How to complete this task: Restate, word for word and with no pictures, the stretch of lines in the data below that begins at the line with "That was then;" and ends at the line with "雅安市新型冠狀病毒肺炎集中收", inclusive.

Source information:
________________
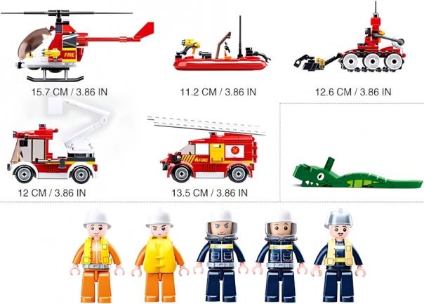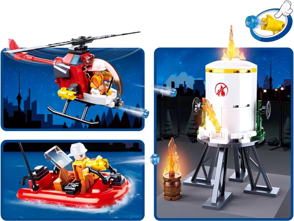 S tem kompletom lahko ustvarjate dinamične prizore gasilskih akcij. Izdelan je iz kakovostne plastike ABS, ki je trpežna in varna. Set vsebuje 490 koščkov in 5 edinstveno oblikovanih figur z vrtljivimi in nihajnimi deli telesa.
________________
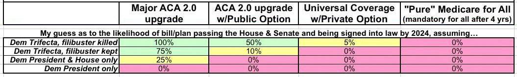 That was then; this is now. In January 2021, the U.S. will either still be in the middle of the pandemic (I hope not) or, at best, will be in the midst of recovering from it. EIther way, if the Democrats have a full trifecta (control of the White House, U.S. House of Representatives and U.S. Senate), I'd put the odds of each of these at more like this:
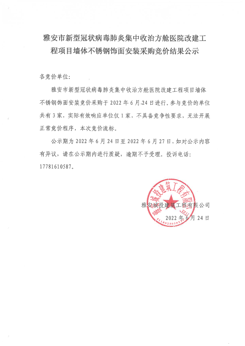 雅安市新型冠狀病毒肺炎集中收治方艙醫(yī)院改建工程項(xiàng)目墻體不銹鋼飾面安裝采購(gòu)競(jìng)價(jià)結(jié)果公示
________________
Output for this exercise:
 That was then; this is now. In January 2021, the U.S. will either still be in the middle of the pandemic (I hope not) or, at best, will be in the midst of recovering from it. EIther way, if the Democrats have a full trifecta (control of the White House, U.S. House of Representatives and U.S. Senate), I'd put the odds of each of these at more like this:
 雅安市新型冠狀病毒肺炎集中收治方艙醫(yī)院改建工程項(xiàng)目墻體不銹鋼飾面安裝采購(gòu)競(jìng)價(jià)結(jié)果公示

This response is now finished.